The firs column reflects the movie critic and the following columns represent the movie and the respective rating given by the critic. My question is how to transform a
List(MovieCritics(name: String, movieRatings: List[MovieRatings]))
in that view.
Upvotes: 1
Views: 1571
Reputation: 1
ratings.selectExpr("name","explode(movieRatings) as mr").select("name",
"mr.movieName", "mr.rating")
.groupBy("name")
.pivot("movieName")
.agg(first("rating"))
.show(10,false)
Upvotes: 0
Reputation: 74769
how to transform
List(MovieCritics(name: String, movieRatings: List[MovieRatings]))
That's as simple as using toDS
on the List
. That is only available when you have SparkSession
's implicits in scope which is (again) as simple as the following:
val sparkSession = SparkSession.builder.getOrCreate()
import sparkSession.implicits._
If you work with scala.collection.immutable.Iterable[MovieCritics]
or similar collection data structure you have to "map" it using toSeq
or toArray
before toDS
to "escape" from Iterable. Implicits are not available for Iterables.
Given the list is critics
you'd have to do the following:
critics.toDS
Now I want to transform this List in a spark dataFrame to display the data in a more user friendly.

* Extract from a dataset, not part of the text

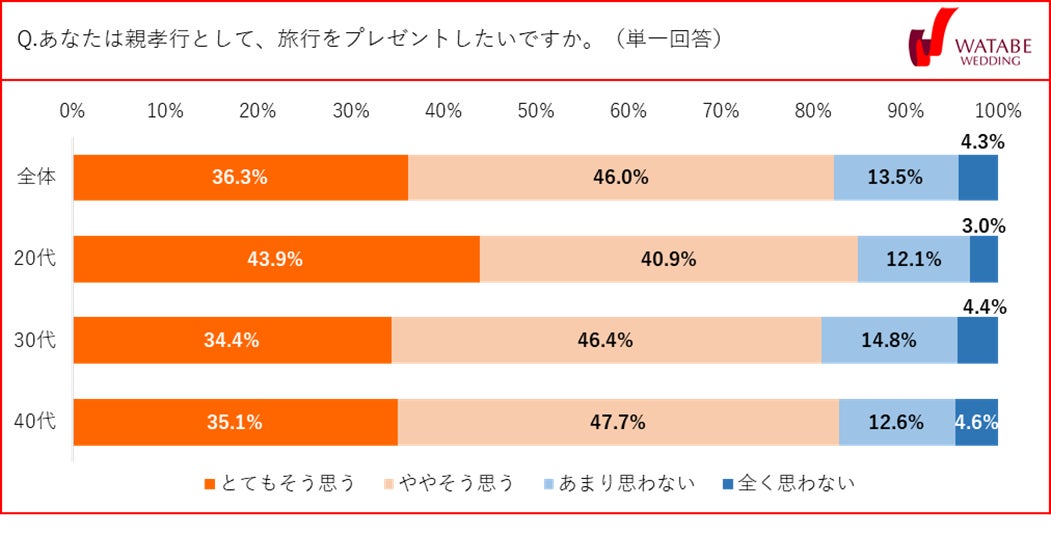さらに「あなたは親孝行として、旅行をプレゼントしたいですか」と尋ねると、全体の36.3%が「とてもそう思う」と答えており、「ややそう思う」(46.0%)と合わせると、82.3%が、旅行をプレゼントしたいと答えました。年代別では、旅行をプレゼントしたいと答えた割合は、20代が最も高く、特に「とてもそう思う」(43.9%)と回答した人が他の年代に比較し多くなりました。「ややそう思う」(40.9%)を含めると、20代の84.8%が親に旅行をプレゼントしたいと考えていることが判明しました。

That's the most entertaining part of your question (took me a couple of hours to finally understand and write a solution). I'd appreciate comments to make it prettier.
case class MovieRatings(movieName: String, rating: Double)
case class MovieCritics(name: String, movieRatings: Seq[MovieRatings])
val movies_critics = Seq(
MovieCritics("Manuel", Seq(MovieRatings("Logan", 1.5), MovieRatings("Zoolander", 3), MovieRatings("John Wick", 2.5))),
MovieCritics("John", Seq(MovieRatings("Logan", 2), MovieRatings("Zoolander", 3.5), MovieRatings("John Wick", 3))))
With the input dataset set, here comes the solution.
val ratings = movies_critics.toDF
scala> ratings.show(false)
+------+-----------------------------------------------+
|name |movieRatings |
+------+-----------------------------------------------+
|Manuel|[[Logan,1.5], [Zoolander,3.0], [John Wick,2.5]]|
|John |[[Logan,2.0], [Zoolander,3.5], [John Wick,3.0]]|
+------+-----------------------------------------------+
val ratingsCount = ratings.
withColumn("size", size($"movieRatings")).
select(max("size")).
as[Int].
head
val names_ratings = (0 until ratingsCount).
foldLeft(ratings) { case (ds, counter) => ds.
withColumn(s"name_$counter", $"movieRatings"(counter)("movieName")).
withColumn(s"rating_$counter", $"movieRatings"(counter)("rating")) }
val movieColumns = names_ratings.
columns.
drop(1).
filter(name => name.startsWith("name")).
map(col)
val movieNames = names_ratings.select(movieColumns: _*).head.toSeq.map(_.toString)
val ratingNames = movieNames.indices.map(idx => s"rating_$idx")
val cols = movieNames.zip(ratingNames).map { case (movie, rn) =>
col(rn) as movie
}
val solution = names_ratings.select(($"name" +: cols): _*)
scala> solution.show
+------+-----+---------+---------+
| name|Logan|Zoolander|John Wick|
+------+-----+---------+---------+
|Manuel| 1.5| 3.0| 2.5|
| John| 2.0| 3.5| 3.0|
+------+-----+---------+---------+
Upvotes: 1
Reputation: 41987
If you have data of movies as
val movieCritics = List(
MovieCritics("Manual", List(MovieRatings("Logan", 1.5), MovieRatings("Zoolander", 3), MovieRatings("John Wick", 2.5))),
MovieCritics("John", List(MovieRatings("Logan", 2), MovieRatings("Zoolander", 3.5), MovieRatings("John Wick", 3)))
)
You can create dataframe just by calling toDF
as
import sqlContext.implicits._
val df = movieCritics.toDF
Which should be
+------+-----------------------------------------------+
|name |movieRatings |
+------+-----------------------------------------------+
|Manual|[[Logan,1.5], [Zoolander,3.0], [John Wick,2.5]]|
|John |[[Logan,2.0], [Zoolander,3.5], [John Wick,3.0]]|
+------+-----------------------------------------------+
Now simple select
from above dataframe should get you the output you need
import org.apache.spark.sql.functions._
df.select(col("name"), col("movieRatings")(0)("rating").as("Logan"), col("movieRatings")(1)("rating").as("Zoolander"), col("movieRatings")(2)("rating").as("John Wick")).show(false)
This should result the final dataframe as
+------+-----+---------+---------+
|name |Logan|Zoolander|John Wick|
+------+-----+---------+---------+
|Manual|1.5 |3.0 |2.5 |
|John |2.0 |3.5 |3.0 |
+------+-----+---------+---------+
Upvotes: 2